Does this only happen in decode.2.log, and others are fine? Then, I'm expecting this is just a problem of some accidental data access. If this always happens, it would be due to some bugs. Can you just re-run only decoding by adding the option of --stage 5?

chiayuli commented 6 years ago

No, this happen in all decode.*.log. After I re-run it (adding the option of --stage 5), and it happened again.

sw005320 commented 6 years ago

Thanks. I'll check it.

sw005320 commented 6 years ago

I did not test the completely same setup, but I did not observe the issue. The training may have some issues. Can you take a look at exp/.../train.log? Also, can you check the model exists at exp/.../results/model.acc.best ?

kan-bayashi commented 6 years ago

@chiayuli @sw005320 This is caused by the torch.nn.DataParallel. We have to change the saving function when using DataParallel as follows: (This is from my another project's codes)

    if args.n_gpus > 1:
        torch.save({"model": model.module.state_dict()}, args.expdir + "/checkpoint-final.pkl")
    else:
        torch.save({"model": model.state_dict()}, args.expdir + "/checkpoint-final.pkl")

@bobchennan Coud you fix it?

chiayuli commented 6 years ago

Thanks, I'll try it and feedback to you.

bobchennan commented 6 years ago

Yes that is caused by DataParallel. I will fix it soon.
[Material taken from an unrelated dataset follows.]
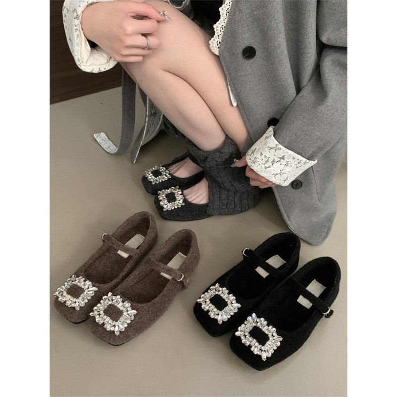 Flat season velvet square buckle rhinestone fluffy shoes femininity Mary Jane single shoes thermal cotton shoes
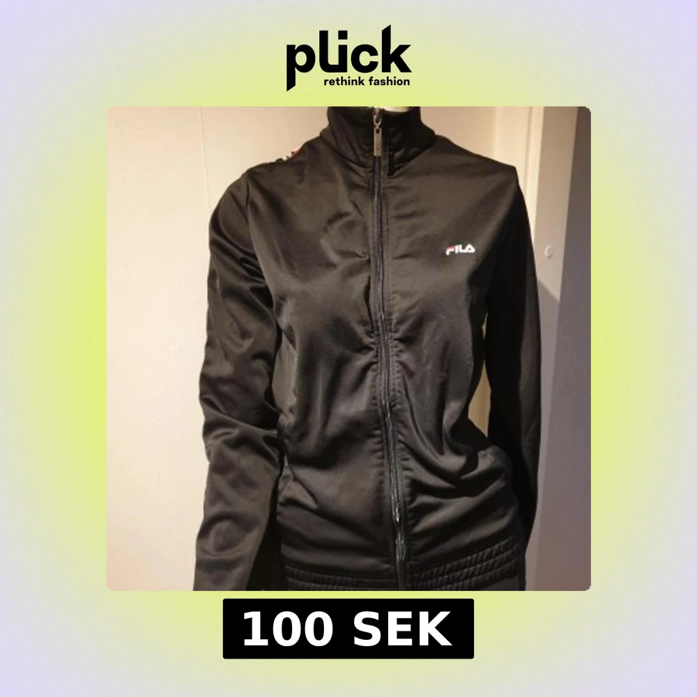 Snygg svart träningsjacka från Fila med dragkedja och logotyp på bröstet. Jackan har långa ärmar med Fila-tryck längs sidorna. Perfekt för en sportig look!

chiayuli commented 6 years ago

Hi all, I modified the code in asr_pytorch.py as #157 But it occurs other error (torch_load) during training acoustic model. Is there any modification to torch_load(path, obj) function? Many Thanks

=== commands === export CUDA_VISIBLE_DEVICES=0,2,3 ; nohup ./run.sh --ngpu 3 --stage 4 --backend pytorch --etype blstmp >> run.log& === log === Exception in main training loop: 'unexpected key "predictor.enc.enc1.bilstm0.weight_ih_l0" in state_dict' Traceback (most recent call last): File "/mount/arbeitsdaten40/projekte/asr/licu/Espnet/tools/venv/lib/python2.7/site-packages/chainer/training/trainer.py", line 309, in run entry.extension(self) File "/mount/arbeitsdaten/asr/licu/Espnet/src/asr/asr_utils.py", line 110, in restore_snapshot _restore_snapshot(model, snapshot, load_fn) File "/mount/arbeitsdaten/asr/licu/Espnet/src/asr/asr_utils.py", line 116, in _restore_snapshot load_fn(snapshot, model) File "/mount/arbeitsdaten/asr/licu/Espnet/src/asr/asr_pytorch.py", line 270, in torch_load model.load_state_dict(torch.load(path)) File "/mount/arbeitsdaten40/projekte/asr/licu/Espnet/tools/venv/lib/python2.7/site-packages/torch/nn/modules/module.py", line 522, in load_state_dict .format(name)) Will finalize trainer extensions and updater before reraising the exception. ESC[JTraceback (most recent call last): File "/mount/arbeitsdaten/asr/licu/Espnet/egs/chime5/asr1/../../../src/bin/asr_train.py", line 196, in main() File "/mount/arbeitsdaten/asr/licu/Espnet/egs/chime5/asr1/../../../src/bin/asr_train.py", line 190, in main train(args) File "/mount/arbeitsdaten/asr/licu/Espnet/src/asr/asr_pytorch.py", line 308, in train trainer.run() File "/mount/arbeitsdaten40/projekte/asr/licu/Espnet/tools/venv/lib/python2.7/site-packages/chainer/training/trainer.py", line 320, in run six.reraise(*sys.exc_info()) File "/mount/arbeitsdaten40/projekte/asr/licu/Espnet/tools/venv/lib/python2.7/site-packages/chainer/training/trainer.py", line 309, in run entry.extension(self) File "/mount/arbeitsdaten/asr/licu/Espnet/src/asr/asr_utils.py", line 110, in restore_snapshot _restore_snapshot(model, snapshot, load_fn) File "/mount/arbeitsdaten/asr/licu/Espnet/src/asr/asr_utils.py", line 116, in _restore_snapshot load_fn(snapshot, model) File "/mount/arbeitsdaten/asr/licu/Espnet/src/asr/asr_pytorch.py", line 270, in torch_load model.load_state_dict(torch.load(path)) File "/mount/arbeitsdaten40/projekte/asr/licu/Espnet/tools/venv/lib/python2.7/site-packages/torch/nn/modules/module.py", line 522, in load_state_dict .format(name)) KeyError: 'unexpected key "predictor.enc.enc1.bilstm0.weight_ih_l0" in state_dict'

bobchennan commented 6 years ago

@chiayuli new updates of #157 should fix it.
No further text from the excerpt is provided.